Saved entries
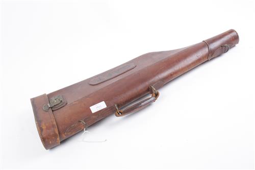 A SINGLE LEATHER LEG-OF-MUTTON GUNCASE, fitted for 28in. barrels, brass lock (key missing)
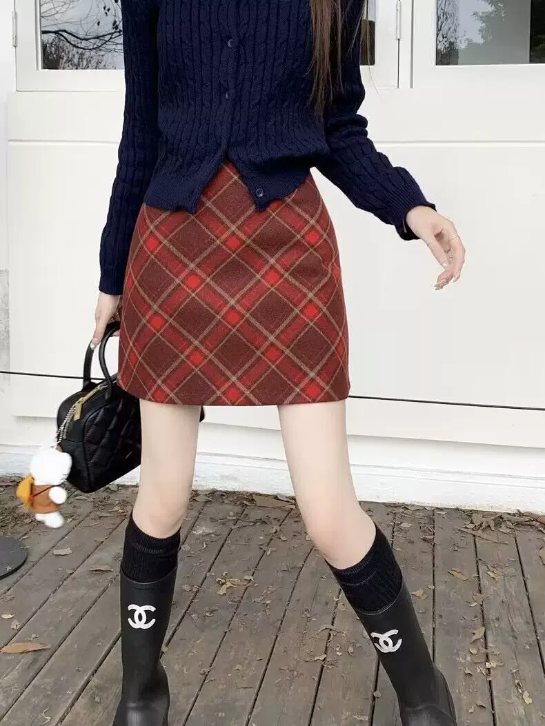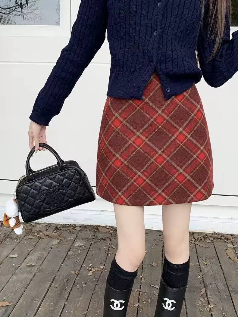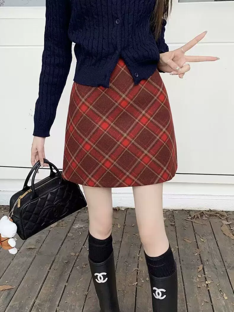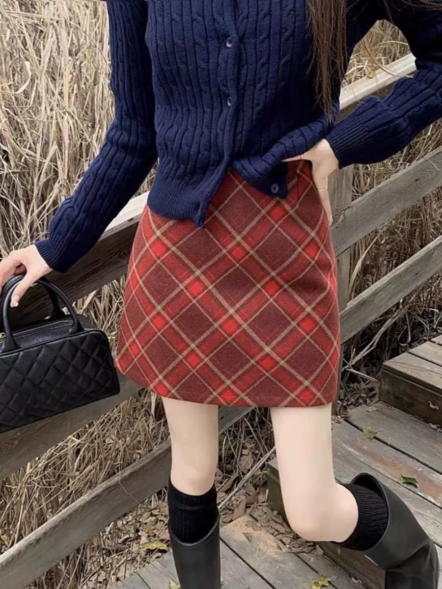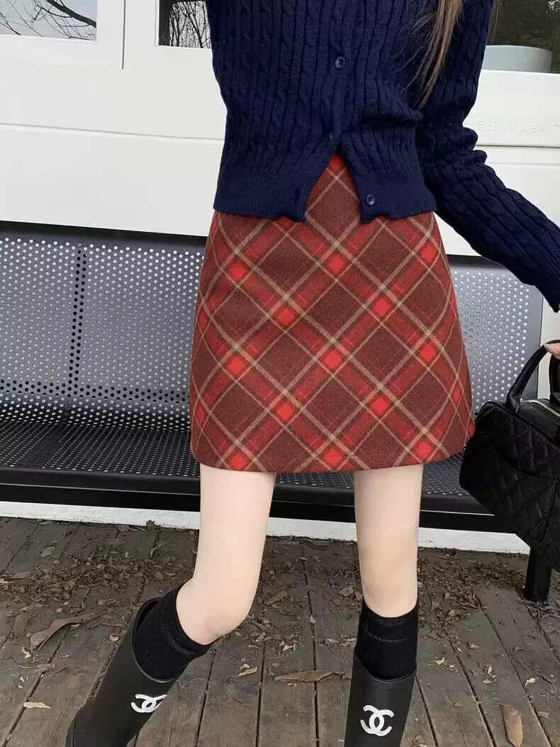 - Váy kẻ sọc đỏ cổ điển kiểu Mỹ dành cho nữ, size lớn, gợi cảm, cạp cao, ôm hông, kiểu dáng một bước, tôn dáng, váy ngắn chữ A
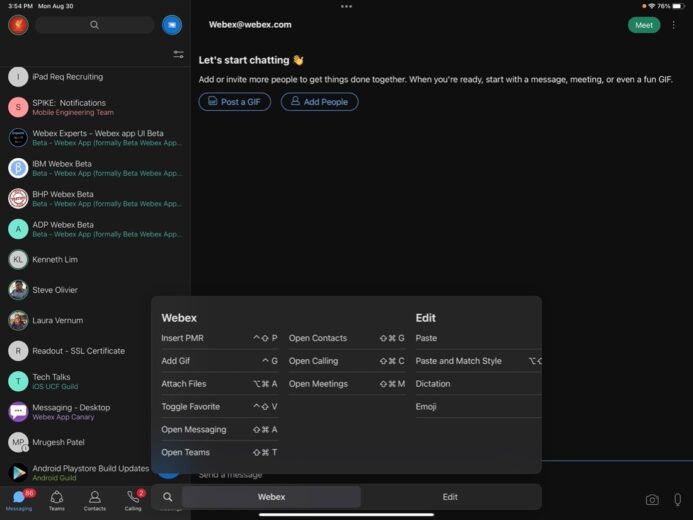 iPad Keyboard shortcuts Now our iPad power users can view Webex keyboard shortcuts by holding the Command ⌘ key on an externally connected iPad keyboard. These shortcuts match the keyboard shortcuts available on Desktop so the transition feels seamless.
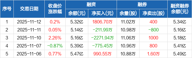 九洲药业:融资净买入1806.7万元,融资余额5.32亿元(11-12)
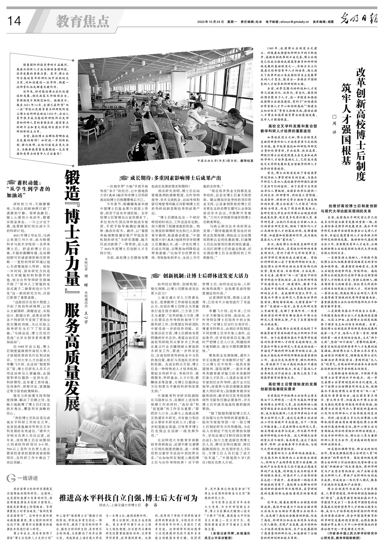 近年来,针对高校博士后队伍建设和发展,相关政策文件陆续出台,管理制度日渐规范细化。数据显示,截至2021年10月,全国已在所有“双一流”学校以及国家重点科研院所设立博士后科研流动站3352个,出站人员中很多成为高校科研院所补充师资和科研人员的重要来源、国家重点科研平台和重大科技项目团队中科研创新的主力军。探花视频 在学校政策支持下加大博士后引进力度,强化博士后工作环境保障机制,旨在让学院博士后群体迸发出更大活力,为服务高质量发展锻造一支具有国际竞争力的青年人才后备军。
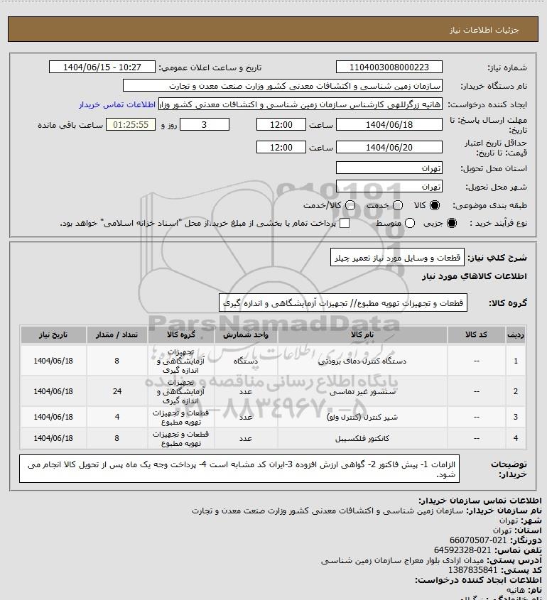 نام دستگاه خریدار:سازمان زمین شناسی و اکتشافات معدنی کشور وزارت صنعت معدن و تجارت
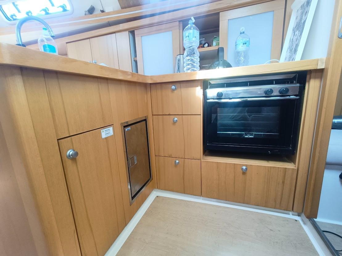 Son intérieur, composé de trois cabines et de deux salles de bain, est conçu pour allier luminosité et confort. Il dispose d'une cuisine en L avec réfrigérateur et petit congélateur.
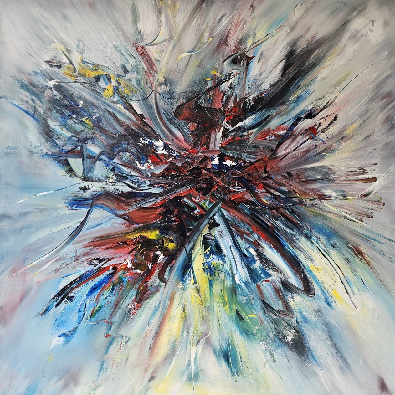 Een globale impressie van het schilderij "Razzmatazz" 80x80cm.
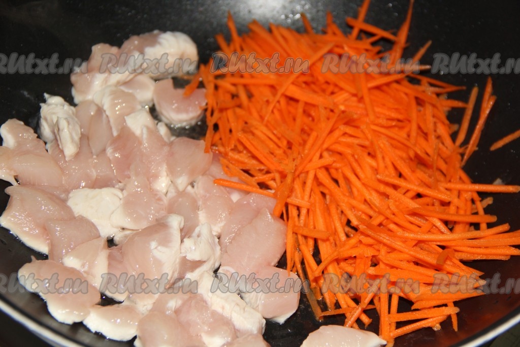 В сковороду с высокими бортиками добавить масло, хорошо нагреть и выложить нарезанную куриную грудку и натёртую морковь.

> **PROBLEM**
Go through the entries and retype them exactly, except for the images.

> **SOLUTION TO THIS TASK**
 A SINGLE LEATHER LEG-OF-MUTTON GUNCASE, fitted for 28in. barrels, brass lock (key missing)
 - Váy kẻ sọc đỏ cổ điển kiểu Mỹ dành cho nữ, size lớn, gợi cảm, cạp cao, ôm hông, kiểu dáng một bước, tôn dáng, váy ngắn chữ A
 iPad Keyboard shortcuts Now our iPad power users can view Webex keyboard shortcuts by holding the Command ⌘ key on an externally connected iPad keyboard. These shortcuts match the keyboard shortcuts available on Desktop so the transition feels seamless.
 九洲药业:融资净买入1806.7万元,融资余额5.32亿元(11-12)
 近年来,针对高校博士后队伍建设和发展,相关政策文件陆续出台,管理制度日渐规范细化。数据显示,截至2021年10月,全国已在所有“双一流”学校以及国家重点科研院所设立博士后科研流动站3352个,出站人员中很多成为高校科研院所补充师资和科研人员的重要来源、国家重点科研平台和重大科技项目团队中科研创新的主力军。探花视频 在学校政策支持下加大博士后引进力度,强化博士后工作环境保障机制,旨在让学院博士后群体迸发出更大活力,为服务高质量发展锻造一支具有国际竞争力的青年人才后备军。
 نام دستگاه خریدار:سازمان زمین شناسی و اکتشافات معدنی کشور وزارت صنعت معدن و تجارت
 Son intérieur, composé de trois cabines et de deux salles de bain, est conçu pour allier luminosité et confort. Il dispose d'une cuisine en L avec réfrigérateur et petit congélateur.
 Een globale impressie van het schilderij "Razzmatazz" 80x80cm.
 В сковороду с высокими бортиками добавить масло, хорошо нагреть и выложить нарезанную куриную грудку и натёртую морковь.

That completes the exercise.